For whatever reason, that never took place, and after Hurricane Florence, when power was out to Town Hall for eight days, something needed to done.

“We had a sit down (after Florence) and did a lessons learned type of thing,’’ Lopez said. “The problem we were having was the fact all the infrastructure for the servers and the phones were located in the Town Hall.’’

During that same period of time, Cumberland County dispatch services were also down for two or three days. That meant certain services could not be dispatched by radio or reached by telephone. “The gist of the situation was we needed to try to get a generator here as quickly as we can,’’ Lopez said.

But that’s a lot easier said than done. A generator of the type Hope Mills needed to keep Town Hall running cannot be purchased at the typical big box chain. The cost for a new one runs upwards of $35,000, which is well beyond the reach of the town budget.

Lopez began looking at options available via military surplus. “The thing with generators on the military side is they are very powerful, they are made to government specifications and they are made to operate in the worst conditions,’’ he said.

Lopez finally found what he was looking for with a federal surplus outlet in Raleigh. The cost was only $3,975.

He checked it out and brought a generator mechanic with him. “He tested it and it passed with flying colors,’’ Lopez said.

He then took the generator to a local trucking company to do further checks on the generator’s diesel motor. “They judged it to be in super condition,’’ he said.

“It’s very, very quiet,’’ he said of the generator when it’s operating. “It’s actually used in a forward area where you have to keep the noise to a minimum.’’

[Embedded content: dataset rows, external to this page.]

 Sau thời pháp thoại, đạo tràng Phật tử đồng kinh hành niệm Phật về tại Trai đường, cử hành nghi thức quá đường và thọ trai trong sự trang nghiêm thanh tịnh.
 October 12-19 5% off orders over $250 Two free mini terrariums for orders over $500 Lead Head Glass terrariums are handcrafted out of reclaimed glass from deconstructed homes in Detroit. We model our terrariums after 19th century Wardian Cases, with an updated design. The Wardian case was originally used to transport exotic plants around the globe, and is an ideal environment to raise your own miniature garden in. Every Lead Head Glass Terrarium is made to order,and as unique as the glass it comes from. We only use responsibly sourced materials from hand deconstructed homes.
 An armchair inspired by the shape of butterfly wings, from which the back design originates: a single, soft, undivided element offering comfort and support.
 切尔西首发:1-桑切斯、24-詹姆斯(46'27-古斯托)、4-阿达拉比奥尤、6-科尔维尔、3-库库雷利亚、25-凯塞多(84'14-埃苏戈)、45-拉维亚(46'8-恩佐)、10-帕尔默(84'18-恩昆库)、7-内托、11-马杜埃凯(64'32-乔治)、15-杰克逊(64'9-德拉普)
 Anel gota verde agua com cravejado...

The next step will be to get an estimate on the cost for installing all the hardware needed to connect the generator to Town Hall and set it up so it will automatically turn on just 1.5 seconds after the building loses power in the next storm event or other cause of power failure.

Should the cost to do all the connections run over $5,000, Lopez said it will have to go to the Board of Commissioners for final approval.

Lopez added the generator is not designed to power Town Hall completely like normal current would, but he also noted that not everyone comes to work when power is out so every light and power outlet in the building won’t be needed in that situation.

“There are critical functions in a municipality that need to stay functioning or have the ability to function,’’ Lopez said. “The manager’s office is one and payroll is another. We prioritize which areas we want stood up (powered).’’

Another major consideration is the detrimental effect no power can have on some equipment. During the time of Florence, Lopez said it got too humid inside the building, causing problems for some of the town’s computers.

“This generator should power pretty much everything we need in a storm event and post-storm event,’’ Lopez said.